My class SortTester runs several versions of sorting algorithms on the same data, and records the time. Currently it runs InsertionSort, recursive MergeSort (Sorters.rmsort()), and Java's built-in Collections.sort(). You are to complete the definition of iterative mergesort, imsort(), and test it for speed against recursive mergesort and Collections.sort(). You will need to comment out the InsertionSort test once you've got imsort() working, as you'll need to test it with sizes much too large for InsertionSort to handle in a reasonable time.

In my definition of class IntList, I've left out the expand() method (the topic of the previous lab), but you don't need that as you're not using add(). Instead, you will create IntLists of the desired size using the constructor,

IntList A = new IntList(100000);

and then use A.RandomFill() to create random entries. My code does that, and then makes copies of the data, so that different sorts all start with the same initial data. Currently the code runs InsertionSort on nums (this is the one you will comment out), recursive mergesort on nums1, and is set up to run iterative mergesort on nums2. After you run your sort method, you can check that it worked with IntList.checksort(). Right now, this fails for nums2, because imsort() isn't finished.

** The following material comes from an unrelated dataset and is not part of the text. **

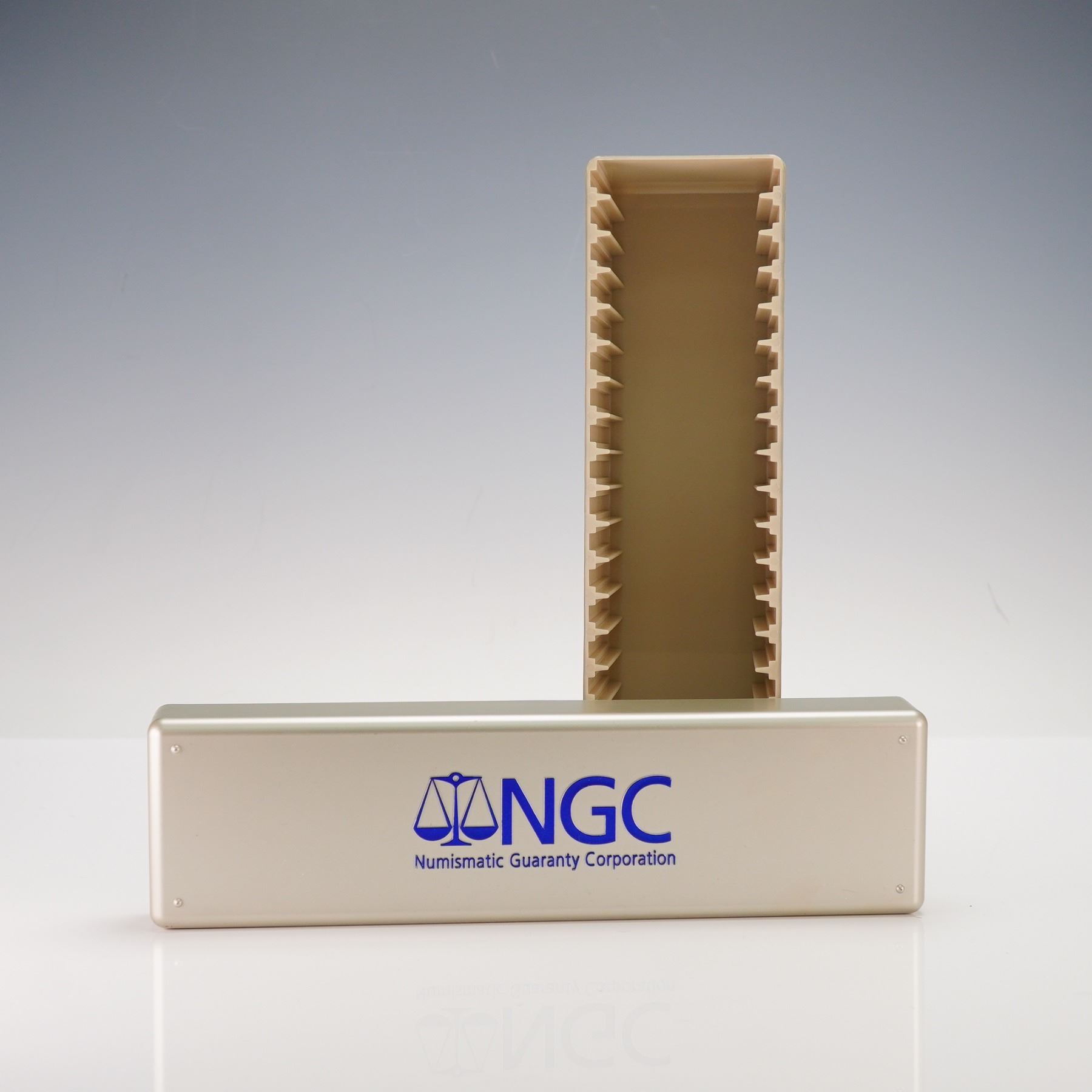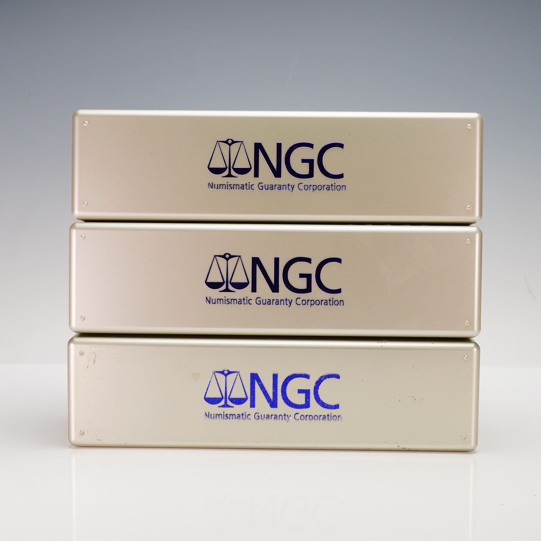 A trio of empty storage boxes manufactured by the Numismatic Guaranty Corporation (NGC) designed for securing certified graded coin slabs. These are standard NGC plastic slab cases, typically holding 20 slabs each, resulting in a total capacity of 60 certified graded coins for the lot. The exterior finish is a light silver or champagne metallic color, featuring the blue NGC logo and corporate name printed on the front face. The internal structure consists of tan plastic channels engineered to secure the slabs. This lot consists of three empty storage boxes. Weight is for all three boxes.

Timing Comparisons(updated!)

We've already compared selection sort and insertion sort.

For block sizes of 1,000,000 up to 10,000,000 or so (doubling each time; say 1,000,000; 2,000,000; 5,000,000; 10,000,000), tell me the relative times of iterative and recursive mergesort. You could add qsort2() if it works, or the built-in Java sort, but that's optional. Do the timing numbers seem consistent with O(n log(n))?

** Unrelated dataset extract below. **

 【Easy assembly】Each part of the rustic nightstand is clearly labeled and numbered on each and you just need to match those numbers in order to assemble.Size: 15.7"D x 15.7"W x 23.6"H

Second, find out how large an array you can sort with iterative mergesort in 10 seconds.

Make sure you use checksort() to verify that your sort implementation works. I will.

Part 2: implement StrList (from lab 1) in C++

Start with StrList.cpp (one file). Do the same thing to the add() method that you did in lab 1 in Java. Don't worry about fill().

There are two catches. First, you need to call delete [] oldelements (or whatever the name of the variable is) after you're done with it. C++ does not have garbage collection.

Second, what is the type of elements? It's declared to be an array of string. That's the same as pointer to string, or string*. A string* is the same as a pointer to an array of strings. If newelements and elements are two string*, then the assignment
elements = newelements;
causes elements to point to the same object as newelements; that is, to the new array. It is safe to call delete [] elements before this, as that simply erases the current contents of elements, as a pointer.

To submit your Java project, create a zipfile and email it to me at pld@cs.luc.edu, or use sakai. Alternatively, you can upload SortTester.java and Sorters.java individually (for this project I will need both).

For the C++ project, all I will need is the StrList.cpp file.